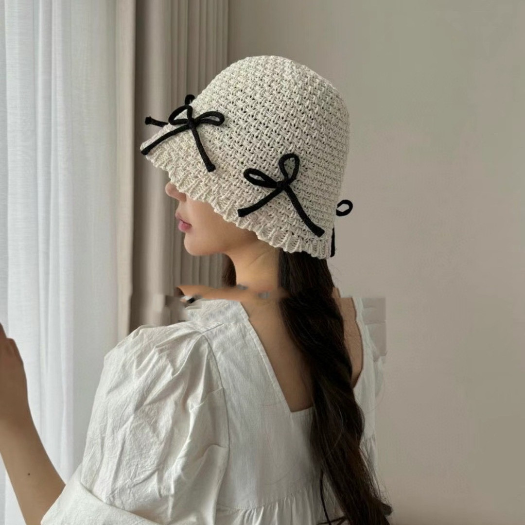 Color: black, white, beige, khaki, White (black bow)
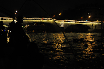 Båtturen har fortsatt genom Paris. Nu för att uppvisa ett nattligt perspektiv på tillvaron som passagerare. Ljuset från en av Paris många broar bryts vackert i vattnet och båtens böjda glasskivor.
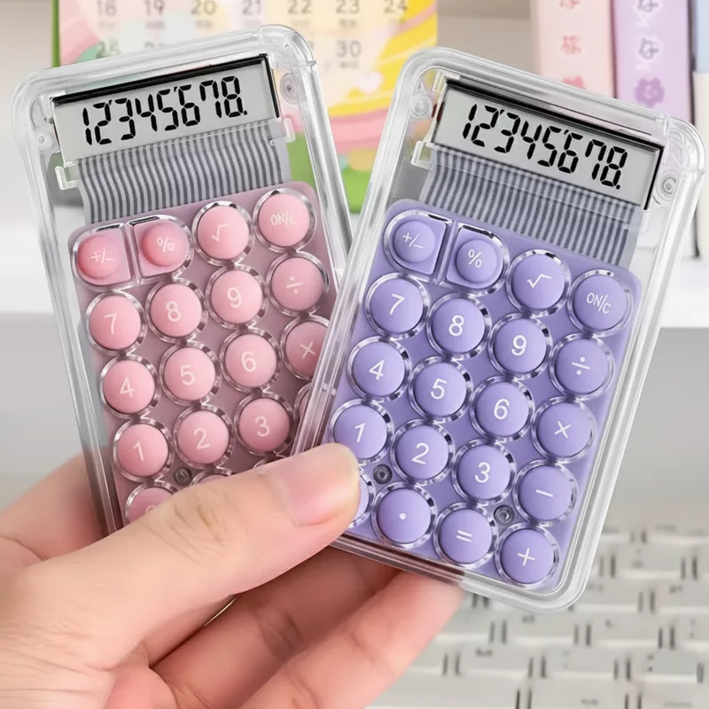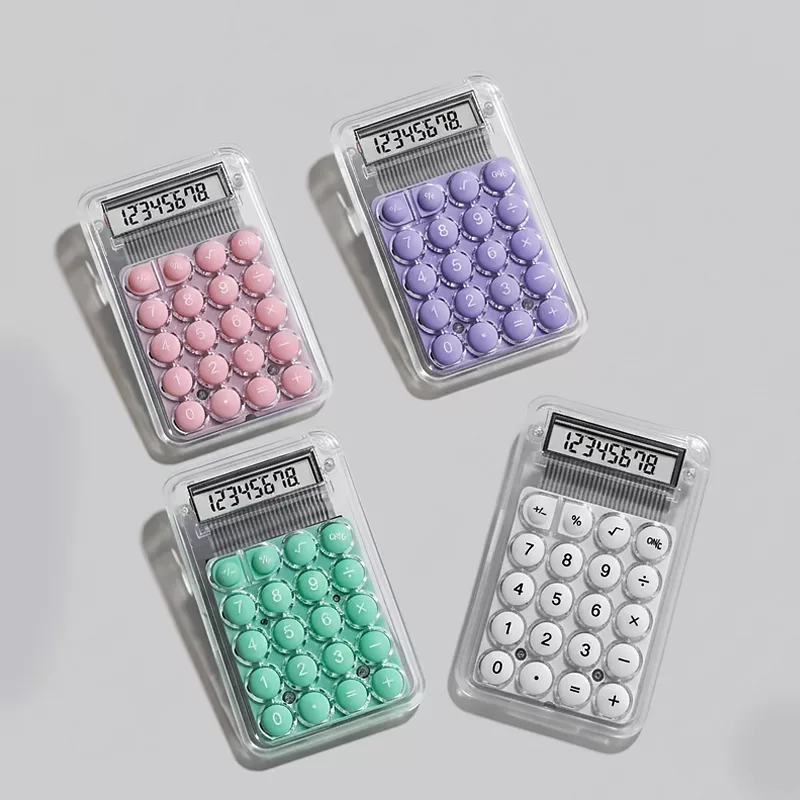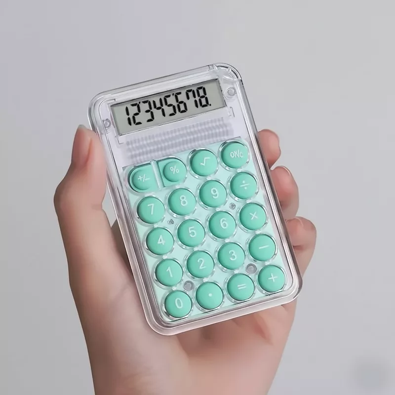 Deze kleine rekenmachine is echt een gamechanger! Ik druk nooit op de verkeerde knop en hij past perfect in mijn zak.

━━━━

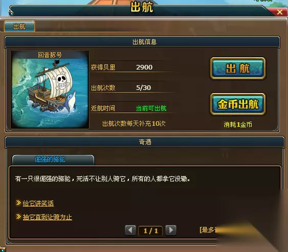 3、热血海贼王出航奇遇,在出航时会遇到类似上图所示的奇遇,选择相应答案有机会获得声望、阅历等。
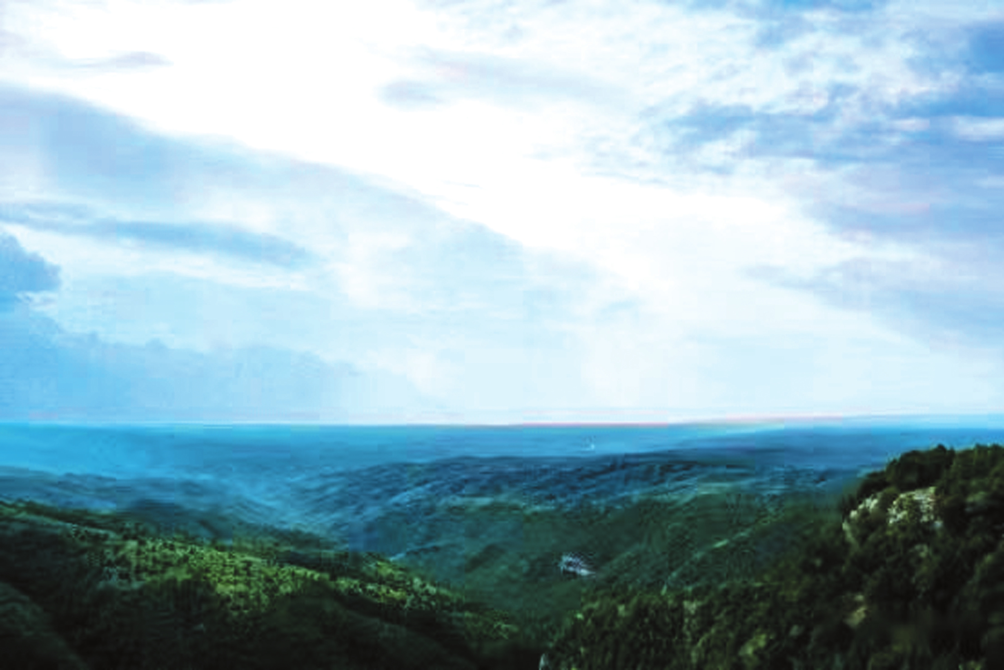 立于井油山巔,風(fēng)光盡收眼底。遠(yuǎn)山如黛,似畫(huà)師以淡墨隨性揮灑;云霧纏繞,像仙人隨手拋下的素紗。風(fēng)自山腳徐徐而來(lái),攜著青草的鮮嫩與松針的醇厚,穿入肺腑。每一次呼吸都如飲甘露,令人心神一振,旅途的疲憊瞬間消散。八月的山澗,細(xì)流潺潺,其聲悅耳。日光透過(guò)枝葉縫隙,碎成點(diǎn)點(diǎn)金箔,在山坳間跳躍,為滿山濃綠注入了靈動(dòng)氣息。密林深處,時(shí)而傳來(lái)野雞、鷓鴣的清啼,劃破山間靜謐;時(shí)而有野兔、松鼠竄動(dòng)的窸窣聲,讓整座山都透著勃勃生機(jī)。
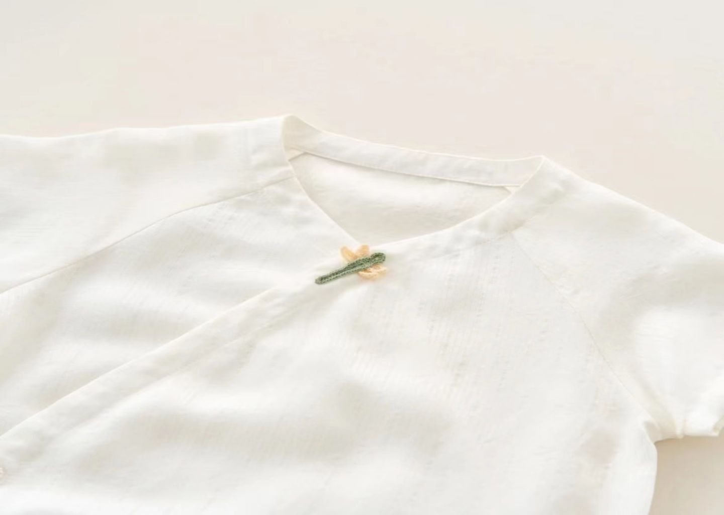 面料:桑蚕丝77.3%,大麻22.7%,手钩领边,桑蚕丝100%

━━━━

ABOUT THIS EXERCISE |
Go down the entries above from the line containing "Båtturen har fortsatt" to the line containing "Deze kleine rekenmachine" and write out each line exactly, leaving pictures out.

ANSWER SPACE |
 Båtturen har fortsatt genom Paris. Nu för att uppvisa ett nattligt perspektiv på tillvaron som passagerare. Ljuset från en av Paris många broar bryts vackert i vattnet och båtens böjda glasskivor.
 Deze kleine rekenmachine is echt een gamechanger! Ik druk nooit op de verkeerde knop en hij past perfect in mijn zak.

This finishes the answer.